The solution is to harden devices and ensure that configurations are compliant before devices are promoted into production environments. This is something a lot of organizations struggle with. By configuring your devices based on the function that you actually want them to fulfil and following the principle of least privileged access – before deployment – you will improve security and reduce the chances of accidentally leaving a risky service running on your firewall.
* Standardize authentication mechanisms. During my work, I often find organizations that use routers that don’t follow the enterprise standard for authentication. One example I encountered is a large bank that had all the devices in its primary data centers controlled by a central authentication mechanism, but did not use the same mechanism at its remote office. By not enforcing corporate authentication standards, staff in the remote branch could access local accounts with weak passwords, and had a different limit on login failures before account lockout.
This scenario reduces security and creates more opportunities for attackers, as it’s easier for them to access the corporate network via the remote office. Enterprises should therefore ensure that any remote offices they have follow the same central authentication mechanism as the rest of the company.
* Use the right security controls for test data. Organizations tend to have good governance stating that test systems should not connect to production systems and collect production data, but this is often not enforced because the people who are working in testing see production data as the most accurate way to test. However, when you allow test systems to collect data from production, you’re likely to be bringing that data down into an environment with a lower level of security. That data could be highly sensitive, and it could also be subject to regulatory compliance. So if you do use production data in a test environment, make sure that you use the correct security controls required by the classification the data falls into.

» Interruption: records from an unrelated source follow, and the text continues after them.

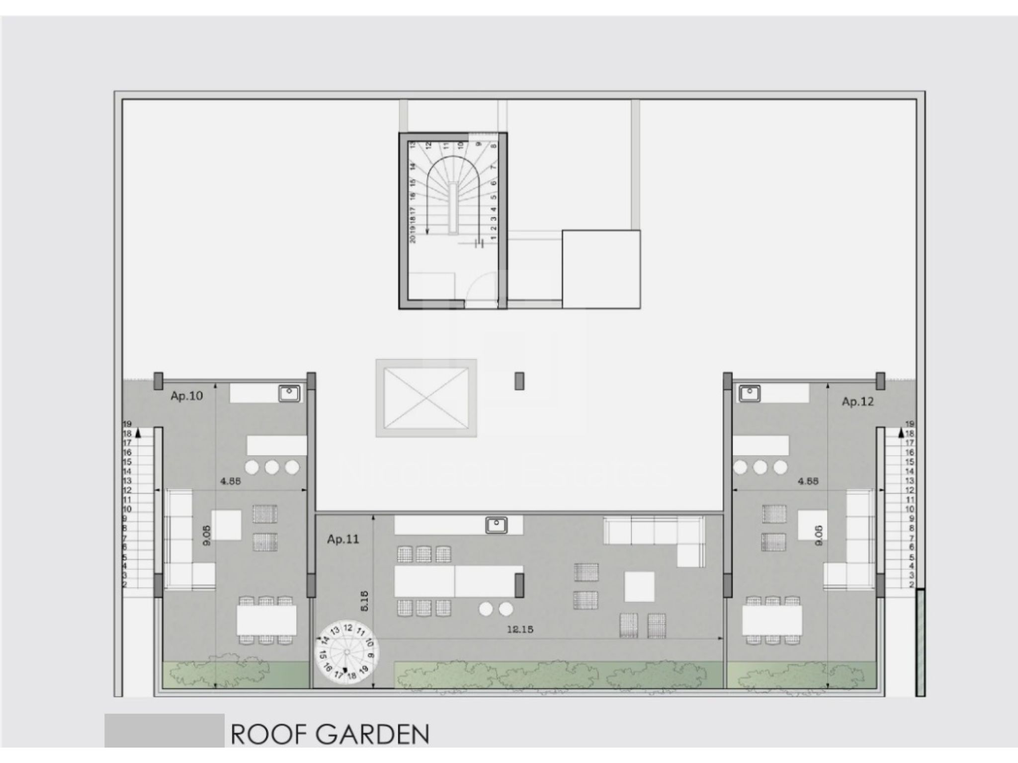 - The top-floor apartments feature private roof gardens
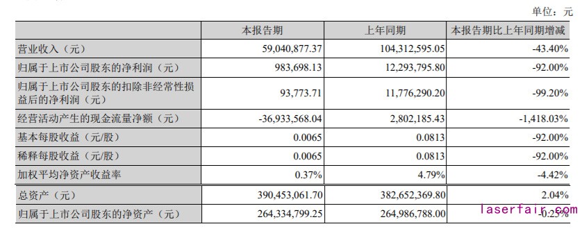 7月28日,金運激光披露的半年報顯示,公司實現營業(ye) 收入5904.09萬(wan) 元,同比下降43.40%,其中固體(ti) 激光係列產(chan) 品銷售收入同比下降54.38%,銷售費用同比下降38.85%;歸屬於(yu) 上市公司股東(dong) 的淨利潤98.37萬(wan) 元,同比下降92.00%;歸屬於(yu) 上市公司股東(dong) 的扣除非經常性損益後的淨利潤9.38萬(wan) 元,同比下降99.20%;基本每股收益0.0065元。
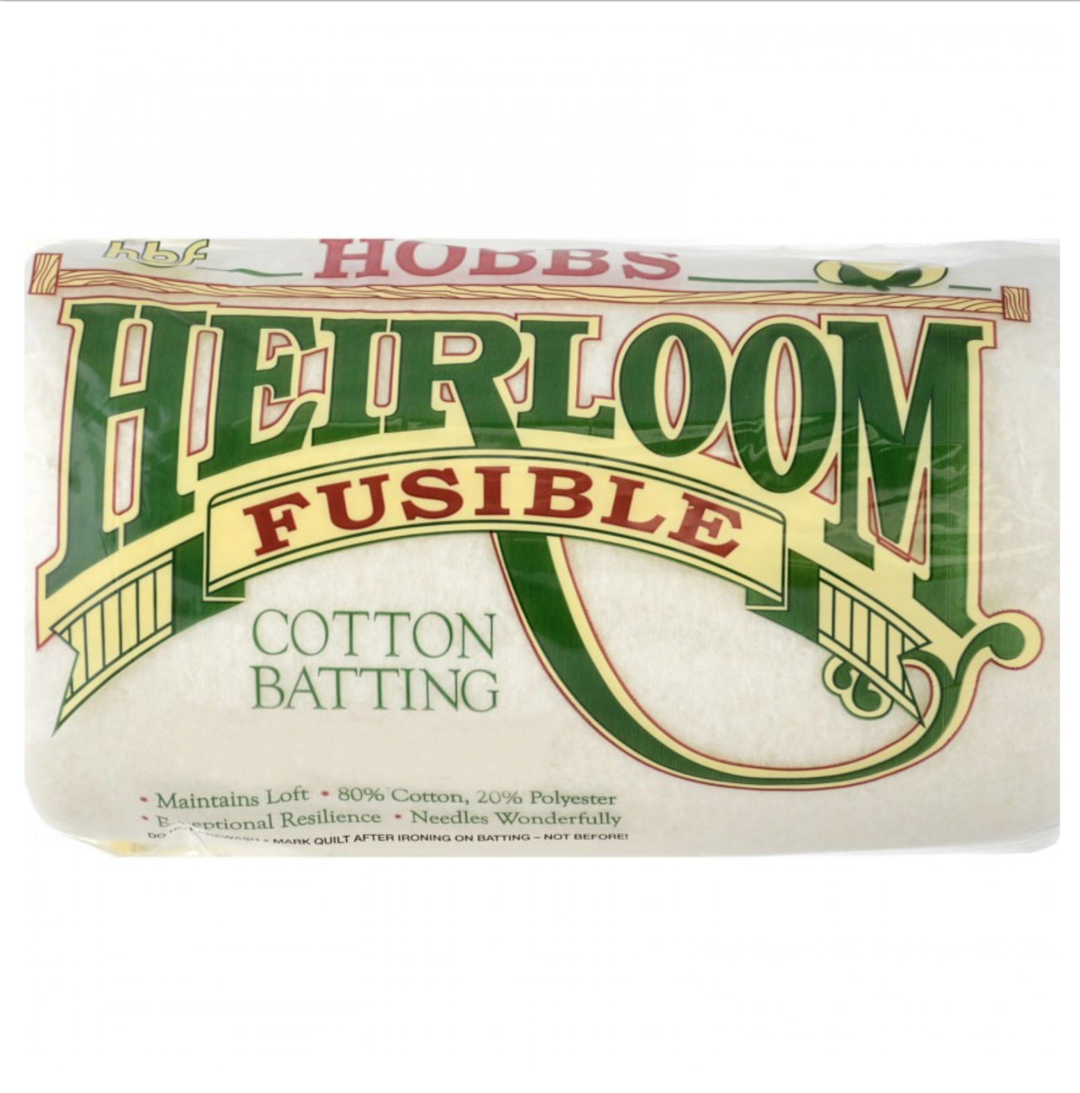 Heirloom Fusible Cotton Blend Batting, Crib or queen size, packaged
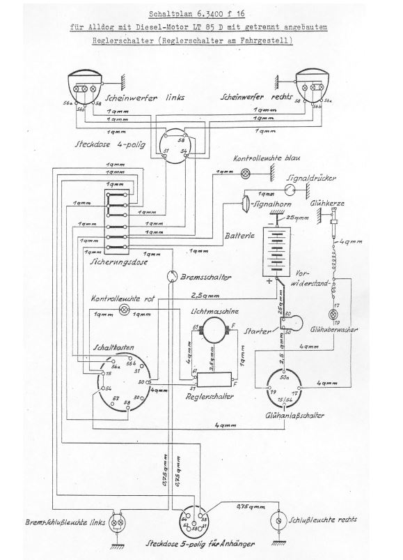 Entsprechend der Motorentwicklung während der Bauzeit des Lanz-Alldog gibt es 3 verschiedene Schaltpläne der elektrischen Anlage.
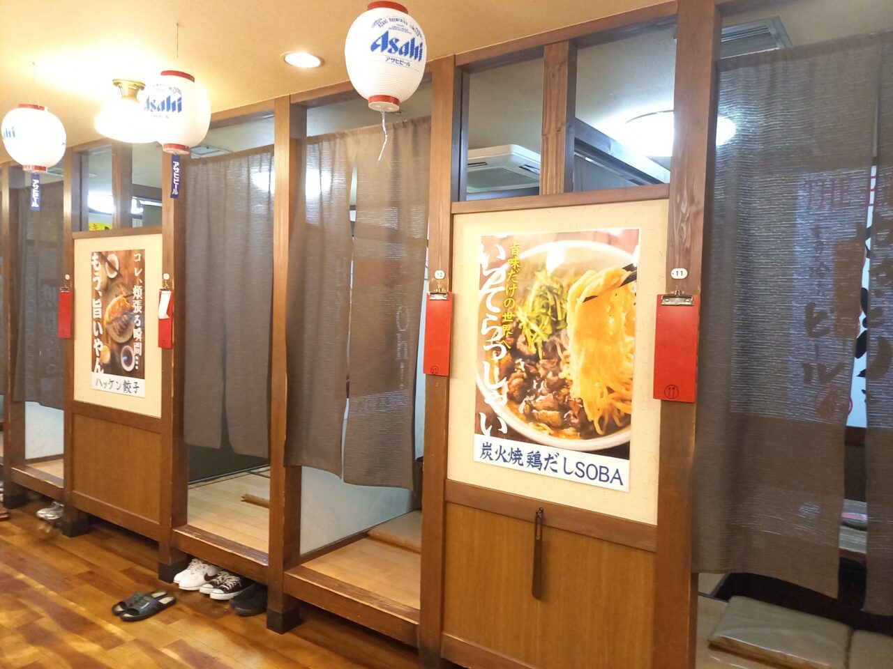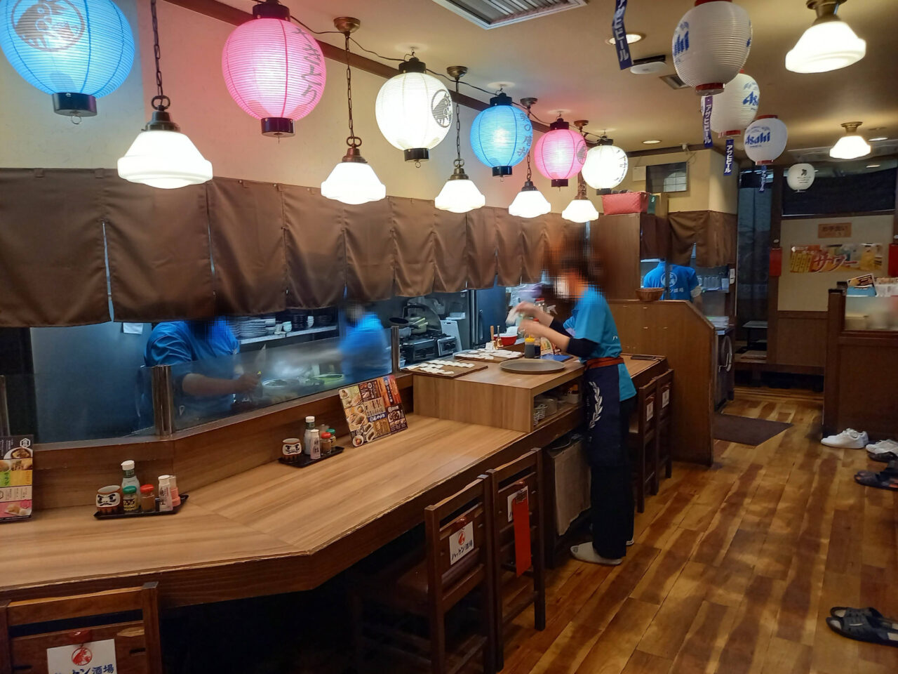 店内はカラフルな提灯が灯る、下町の居酒屋のような雰囲気です。カウンター席と掘りごたつ式の半個室部屋がありました。

* Always log security outputs. While logging properly can be expensive, the costs of being breached or not being able to trace the attack are far higher. Failing to store the log output from their security devices, or not doing so with enough granularity is one of the worst things you can do in terms of network security; not only will you not be alerted when you’re under attack, but you’ll have little or no traceability when you’re carrying out your post-breach investigation. By ensuring that all outputs from security devices are logged correctly organizations will not only save time and money further down the line but will also enhance security by being able to properly monitor what is happening on their networks.
Enterprises need to continuously monitor the state of their firewall security, but by following these simple steps businesses can avoid some of the core misconfigurations and improve their overall security posture.